API Connect

 View Only
  • 1.  APIC Analytics Subsystem Performance Monitoring

    Posted 22 days ago

    Hi 

    Need  advice on how to effectively monitor the performance of the Analytics subsystem. Additionally, I'd like to understand how can best handle situations where performance starts to deteriorate.

     

    We are using API Connect 10.0.5 VMware deployment. Currently API Connect retains 3 months of analytics data in APIC servers. With that we would like to understand that in addition to monitoring CPU, memory, and storage, what other parameters or metrics can be tracked to proactively identify performance issues within the APIC Analytics subsystem. This would allow us to address potential slowdowns before they become critical. Additionally, they'd like to explore options for remediating performance issues, such as data archiving or alternative approaches.

     



    ------------------------------
    Guo Jun Qiao
    ------------------------------


  • 2.  RE: APIC Analytics Subsystem Performance Monitoring

    Posted 21 days ago

    Analytics provides a cluster management API to allow access to health metrics for analytics storage. For example, you can obtain CPU and memory information with the "cat/nodes" endpoint:

    https://apic-api.apiconnect.ibmcloud.com/v10/10.0.5.7.html#/IBMAPIConnectAnalyticsAPI_200/operation/%2F{analytics-service}%2Fcloud%2Fclustermgmt%2Fstorage%2Fcat%2Fnodes/get

    You can obtain disk usage with the "cat/allocation" endpoint:

    https://apic-api.apiconnect.ibmcloud.com/v10/10.0.5.7.html#/IBMAPIConnectAnalyticsAPI_200/operation/%2F{analytics-service}%2Fcloud%2Fclustermgmt%2Fstorage%2Fcat%2Fallocation/get

    The most important metrics for performance are heap memory and disk usage. If you are retaining 3 months (90 days) of data when analytics is running with a small amount of memory, you are very likely to encounter performance problems due to high heap usage leading to a lot of time spent garbage collecting. The mitigation here is to either reduce the data retention or switch to a deployment profile with more memory. Guidance on suitable retention periods is available here:

    https://www.ibm.com/docs/en/api-connect/10.0.5.x_lts?topic=analytics-configuring-data-retention-index-rollover-time-periods

    Disk usage should be kept below 80% to avoid the performance impact of data being moved away from nodes that are low on disk space.

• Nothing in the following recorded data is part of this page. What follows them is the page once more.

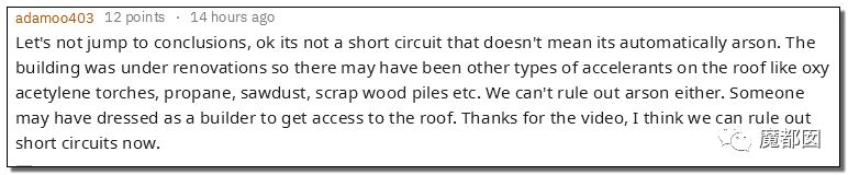 “让我们不要妄下结论,好吧,这不是一个短路,该建筑正在装修,因此屋顶上可能还有其他类型的促进剂,如氧乙炔,丙烷,锯末,废木桩等。我们也不能排除纵火。有人可能穿着打扮成建筑工人进入屋顶。感谢视频,我想我们现在可以排除短路了。”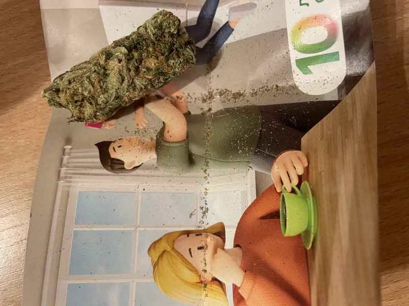 Шиш имеет небольшое количество трихом, сама она приятного цвета изумрудно-коричневого, но немного была влажная(лучше бы конечно долечить шиш) а запах чувствовался через упаковку, пахнет она достаточно резко и как бы это сказать проницающи, как будто ее аромат уходит глубоко в твою носоглотку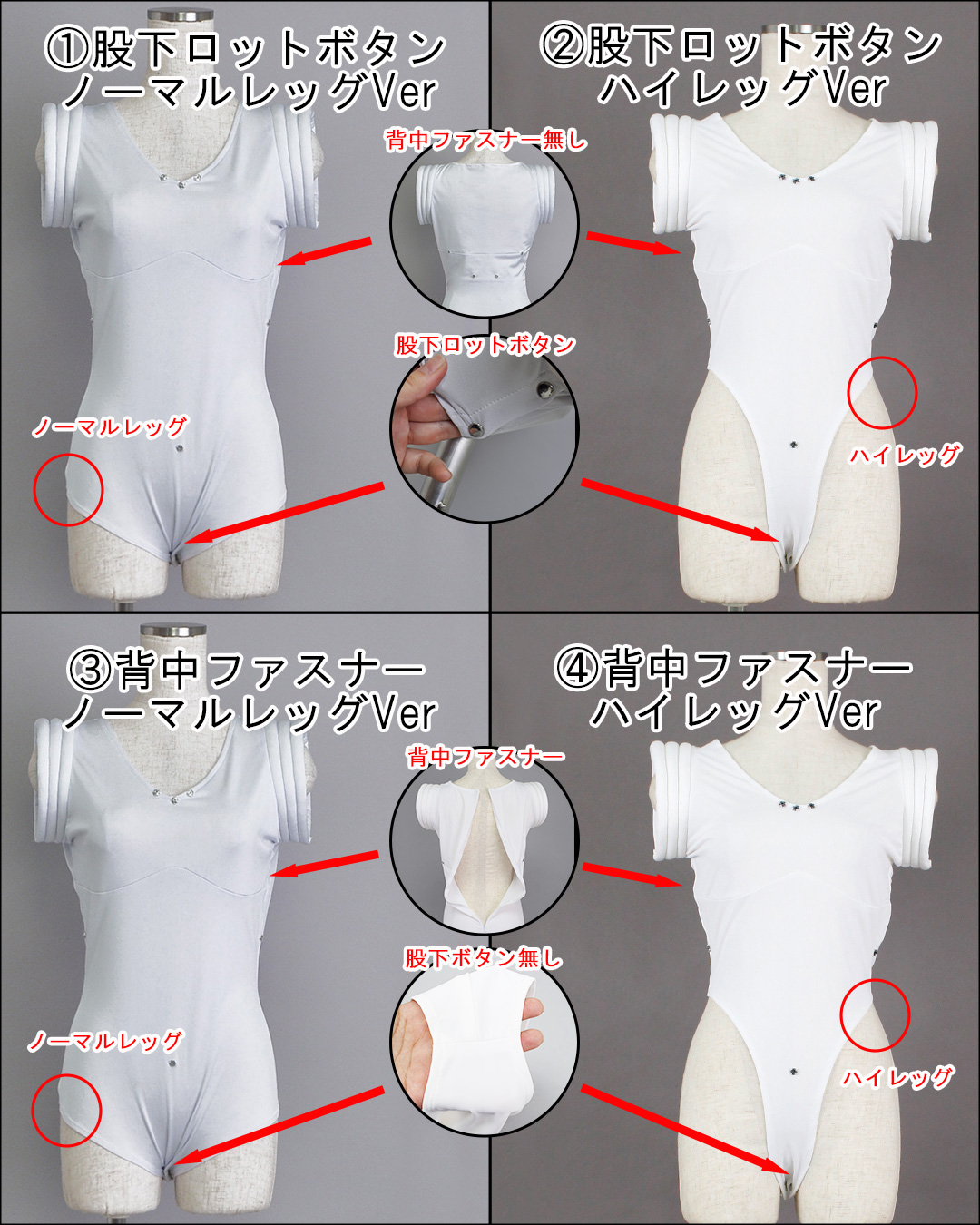 背中ファスナーで着脱、股下ロットボタン無し、ハイレグ仕様にしない。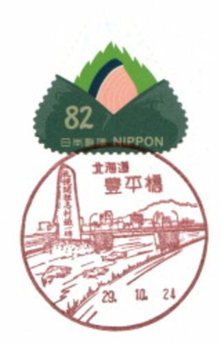 2017年10月24日、豊平橋郵便局に寄り、風景印を押印しました。 ◆豊平橋郵便局(とよひらばし) ・住所:〒062-0904北海道札幌市豊平区豊平4条2丁目6-12 ・図案説明:豊平川(サケ)、豊平橋、札幌開祖志村鐵一碑 ・使用開始日:1999年(平成11年)7月7日 ※使用切手…
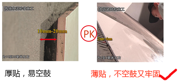 水泥砂浆须厚贴,材料量多、重,收缩性大,易造成瓷砖空鼓。

    You might also want to consider configuring analytics to offload the data to an external system for longer retention so that you can reduce the resource load on analytics. Details regarding offload are available here:

    https://www.ibm.com/docs/en/api-connect/10.0.5.x_lts?topic=deployment-planning-offload-data-third-party-system



    ------------------------------
    Mark Taylor
    ------------------------------



  • 3.  RE: APIC Analytics Subsystem Performance Monitoring

    Posted 20 days ago

    Hi Mark

    Thank you for your reply.

    Is it possible for Fluent-bit to collect and forward the CPU, memory and disc space information to remote Syslog server?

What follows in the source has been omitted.